If a crowdfunding campaign raises more than that reasonable fee, any overflow must be off-limits to the representing attorney.  Accepting any more than what is agreed upon with the client, or at least what is considered reasonable, could land you in ethical hot water.

Most popular crowdfunding sites are not equipped to deal with this detail. It is left to clients and attorneys using the platforms to deal with the situation if the platform is not equipped with functionality to suitably return or redistribute the excess assets.

Tell a Good Story

Not all clients will have privacy concerns when it comes to their legal matters. This is the best-case scenario as the best way to garner support is with a compelling story.

Whether it’s a David and Goliath situation, a matter of public interest, or just an isolated personal matter, people are more likely to back campaigns that interest them in some way.

Appealing to the masses’ better angels or rebellious nature or whatever you need to isn’t wholly dissimilar to winning over a jury. Moreover, have a strong narrative is particularly helpful on social media sites. Pew Research Center reports that nearly 2/3 of adults obtain their news from social media sites.

The more interested in your campaign people are, the more likely they are to share it. Before you know it, your story could reach audiences you never even considered.

Access to Justice

There is no debate that disparities in financial circumstances from person to person, or business to business, can cause a gap in access to justice at large. Put differently, those who can afford to fund legal matters have greater access to seek justice, while those who cannot, have little to none.
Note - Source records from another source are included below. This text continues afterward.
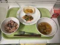 今日の献立・ごはん・牛乳・青菜入り手作りふりかけ・魚の照り焼き・具だくさんみそ汁...
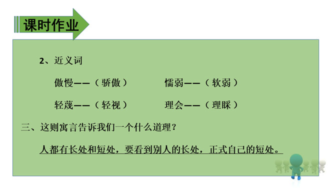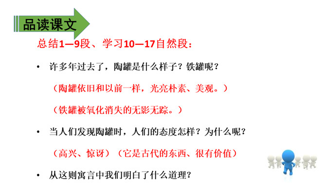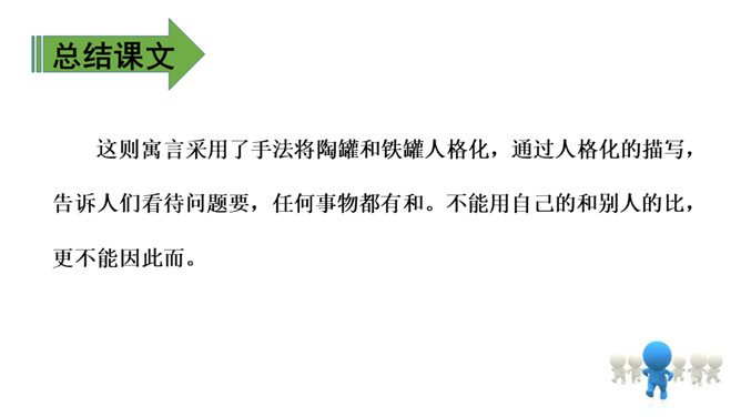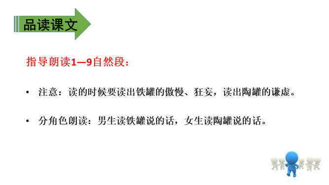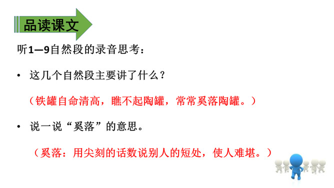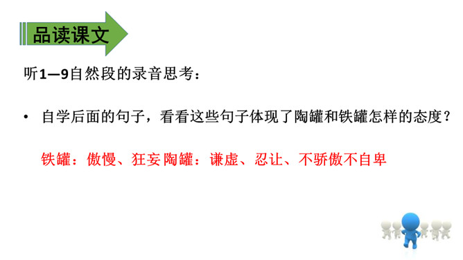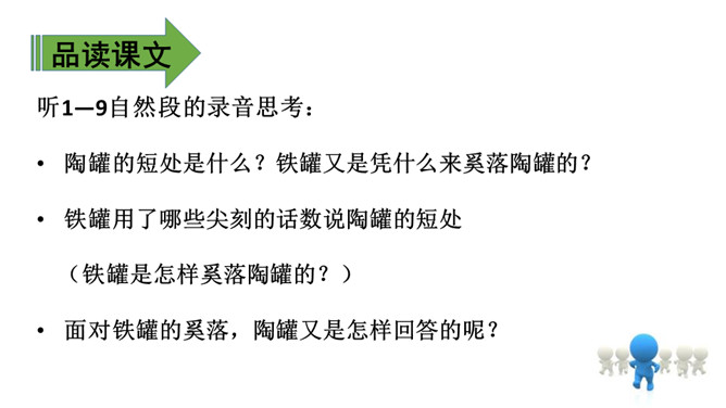 1.在朗读课文的基础上,理解课文内容。(重点)2.想象课文所描绘的画面,体会故事所蕴含的道理。(难点)开火车读课文,边听边思考:每一自然段讲的是什么?用简洁的话概括每一自然段的内容。听1—9自然段的录音思考:这几个自然段主要讲了什么?(铁罐自命清高,瞧不起陶罐,常常奚落陶罐。)说一说“奚落”的意思。(奚落:用尖刻的话数说别人的短处,使人难堪。)听1—9自然段的录音思考:陶罐的短处是什么?铁罐又是凭什么来奚落陶罐的?铁罐用了哪些尖刻的话数说陶罐的短处。所属专题:陶罐和铁罐ppt。
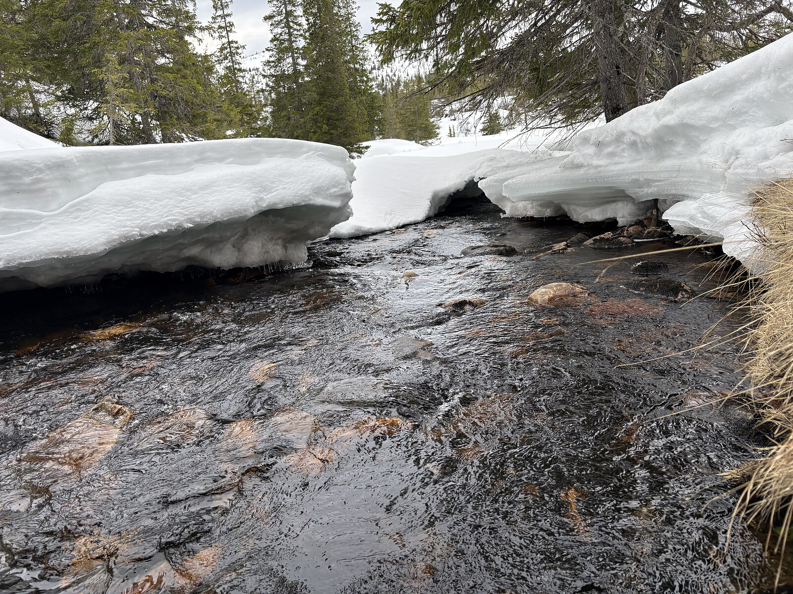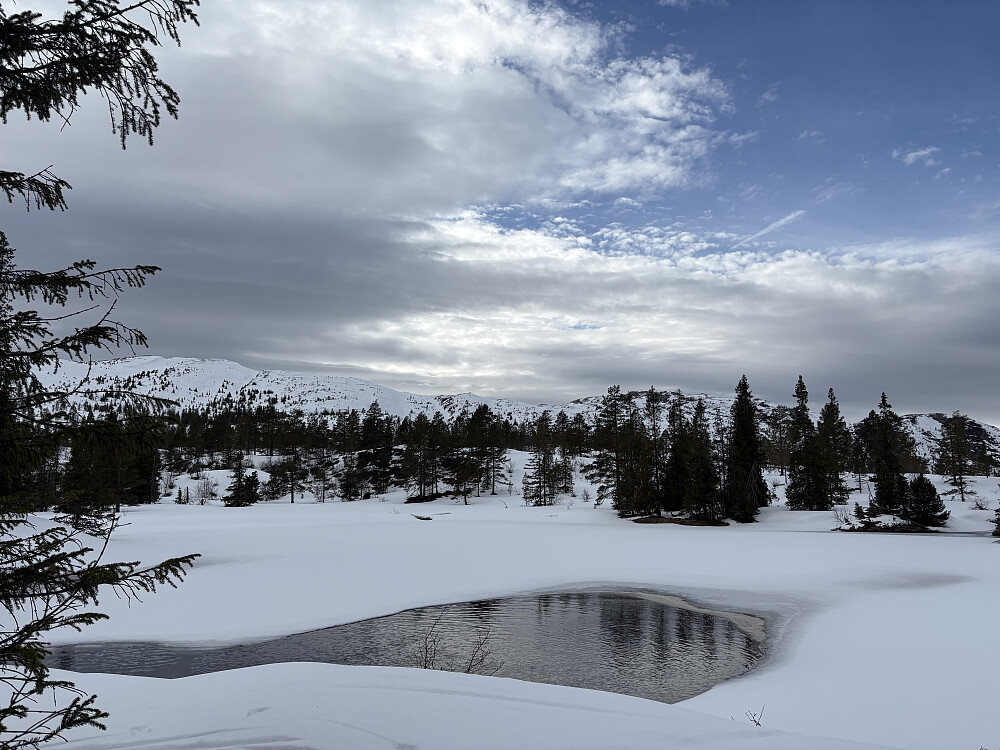 Bløtt i skogen og vanskelig med elvekyssinger. Tilbake i 2020 var dette en parademarsj med masse snø. Nå var det mye men med åpne elvesig. Varmt var det her og nøt bare turen. Fellene var nå helt krise men det gikk på et vis. Skulle over en bekk og måtte kaste skiene, dessverre amatørmessig falt en av tuppene ut i vannet. Denne fellen var det ikke noe håp for lengre. Nå ble det armstyrke på en ski.

Thusly, the ABA Standing Committee on Ethics and Professional Responsibility published Formal Opinion 484, which approves of various methods of legal fee financing, in an effort to close the access gap.

Traditional forms of fee financing often took the form of loans with varying interest rates (depending on the lending institution or, in some cases, individual).
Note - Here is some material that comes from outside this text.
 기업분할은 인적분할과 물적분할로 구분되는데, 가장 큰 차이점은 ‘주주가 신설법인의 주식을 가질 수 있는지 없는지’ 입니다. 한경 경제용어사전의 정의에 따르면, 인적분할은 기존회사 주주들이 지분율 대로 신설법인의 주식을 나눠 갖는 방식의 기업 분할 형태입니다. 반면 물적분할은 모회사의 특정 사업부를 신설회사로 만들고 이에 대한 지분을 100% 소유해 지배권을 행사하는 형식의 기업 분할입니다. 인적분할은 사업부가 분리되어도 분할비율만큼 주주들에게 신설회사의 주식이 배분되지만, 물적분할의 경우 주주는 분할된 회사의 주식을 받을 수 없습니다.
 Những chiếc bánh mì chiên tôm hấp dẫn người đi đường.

However, these traditional methods do not go far enough. Using loans to help broaden access to justice offers a topical solution to a systemic issue.

As Jason Tashea writes for the ABA Journal, “The access-to-justice gap doesn’t exist because of absence of loans or the lack of technology or the intractable billable hour. It exists—and continues to grow—because the cost of life in America has increased dramatically while wages for most Americans have been stagnant or even falling for decades.”

The solution is not to create even more debt for those who are already struggling financially. More creative solutions – like crowdfunding – need to be found and implemented to take greater strides in leveling the playing field.

The concept of crowdfunding can be applied to soothe some of the symptoms like providing greater access to justice, without crushing a client with additional debt.

Conclusion

Crowdfunding legal matters does not address the root causes of economic disparity and the legal and social gaps created by it.  What it can do is offer attorneys the means to take on matters that would have otherwise been cost-prohibitive, from clients who would have otherwise missed out on access to justice.

The ethical concerns associated with crowdfunding at large are not entirely unfounded, but most of them are already satisfied by existing rulings from bar associations on more traditional financing solutions. Moreover, the malleability of crowdfunding as a tool allows adaptation when ethically necessary.

The benefits are tangible. Crowdfunding offers a forward step towards more universal access to justice in a way that is beneficial to both clients and attorneys alike.